Skeptophilia (skep-to-fil-i-a) (n.) - the love of logical thought, skepticism, and thinking critically. Being an exploration of the applications of skeptical thinking to the world at large, with periodic excursions into linguistics, music, politics, cryptozoology, and why people keep seeing the face of Jesus on grilled cheese sandwiches.

Monday, October 14, 2019

Windows of the soul

Yesterday I ran into a study in the journal Personality and Social Psychology Bulletin that strikes me as being substantially correct even though I have some misgivings about the general methodology.

The paper is called "Your Soul Spills Out: The Creative Act Feels Self-Disclosing," by Jack A. Goncalo and Joshua H. Katz, of the University of Illinois at Urbana-Champaign.  The researchers were looking into whether creative ideas would reveal the "true personality" (whatever that actually means), and if so, might clue in the listener/reader in ways that were never intended.

The study consisted of five separate experiments, with a total of over twelve hundred test subjects.  The first three experiments focused on whether a person asked to generate creative ideas (one of the ones used was "come up with five new scents for candles") felt afterward as if the researchers had a better lens into the person's core personality than they did before.  The fourth experiment looked at whether narrowing the range of choices (e.g., "name five new fruit scents for candles" rather than "name five new scents of any type for candles"), and the fifth asked the participants to rank their ideas on a scale of "creative" to "conventional," and looked at whether there was a correlation between that and the degree to which they felt they'd revealed themselves.

The authors write:
Breaking from the typical focus on the antecedents of creativity, we investigate the psychological and interpersonal consequences of being creative.  Across five experiments, we find that generating creative ideas is revealing of the self and thus prompts the perception of self-disclosure.  Individuals respond to the expectation to be creative with greater self-focus—adopting their own idiosyncratic perspective on the task and thinking about their own personal preferences and experiences in connection to the problem.  Because creative ideas derived from self-focused attention are uniquely personal, the act of sharing a creative idea is, in turn, perceived to be revealing of the self.  Finally, an interactive dyad study shows that sharing creative ideas makes partners more confident in the accuracy of judgments they made about each other’s personality.
On the one hand, this strikes me as kind of a "duh."  A person who comes up with candle scents like "vanilla chai" and "ocean breeze" is not the same type as someone who would come up with "dog farts" and "zombie breath."  Thinking outside the box (in this case way outside the box) does tell you something about a person's personality.

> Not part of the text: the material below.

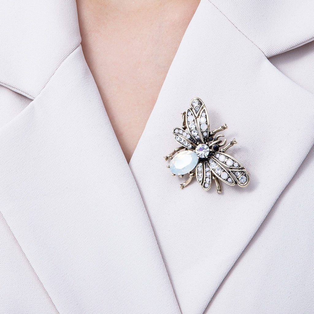 Vintage Silver 47.3mm x 33.5mm CZ Fly Insect Pin Brooch | BH-020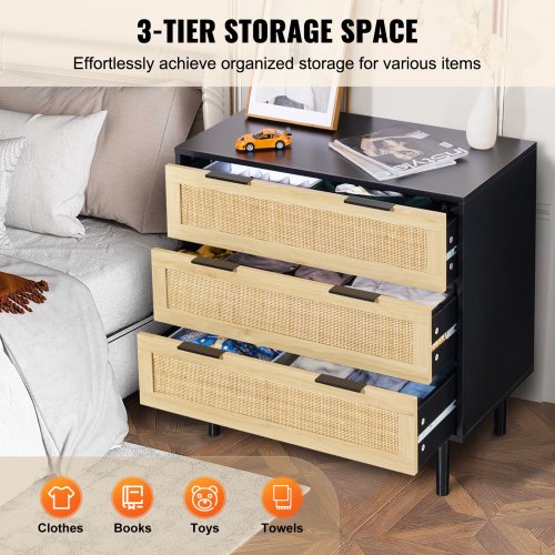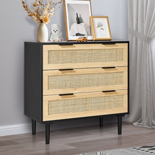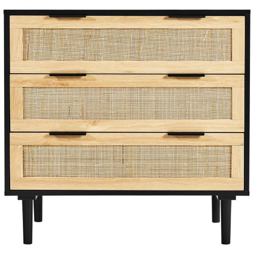 VEVOR Cassettiere in Legno di Rattan Naturale con 3 Cassetti, Moderna Cassettiera in Legno per Vestiti e Contenitori Boho con Maniglie e Gambe Robuste, per Camera da Letto Soggiorno e Corridoio

[Image licensed under the Creative Commons LaurMG, Glass creativity finalrevis, CC BY-SA 3.0]

However, there's the notoriously difficult factor of weighing how close a person's self-assessment is to reality.  We don't see ourselves very accurately, most of the time, which is why Robert Burns quipped, "O, would some power the giftie gi'e us. to see ourselves as others see us; it would from many a blunder free us, and foolish notion."

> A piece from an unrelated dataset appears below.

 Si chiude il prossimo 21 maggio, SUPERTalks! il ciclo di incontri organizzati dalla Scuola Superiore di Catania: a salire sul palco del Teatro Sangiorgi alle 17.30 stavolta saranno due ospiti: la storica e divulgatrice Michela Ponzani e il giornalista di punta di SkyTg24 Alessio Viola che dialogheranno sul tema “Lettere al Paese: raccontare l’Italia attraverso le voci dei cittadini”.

So a person saying she thinks her creative ideas revealed her soul, and those ideas actually telling us something about her we didn't already know, aren't the same thing at all.  Even when we're being creative, we show the parts of us we choose to, and suppress other parts that we'd rather people not see.

But.  I have more than once stated, "If you want to know me, read my fiction."  I've mentioned before how shy I am in person, which is why there are people I've known for years who don't really have much of a clue what I'm really like.  But a lot of my fiction embodies the things I think are deeply meaningful in life -- relationships, compassion, trust, loyalty, humor, perseverance, respect.  I think if you read a couple of my novels, you'll have a pretty good idea of who I am.

And I know you can sometimes reveal things you didn't intend to.  I related a few months ago how my writing partner, the inimitable Cly Boehs, was entirely unsurprised by my revelation that I was bisexual.  "Every novel you've written," she told me, "has at least one scene with a gorgeous shirtless guy."  And I still remember the student who read my novella House of Mirrors and came up to me with a grin after he'd finished it and said, "You know, you play the unemotional, plain-spoken, pragmatic science teacher at your day job, but deep down you are a complete romantic sap."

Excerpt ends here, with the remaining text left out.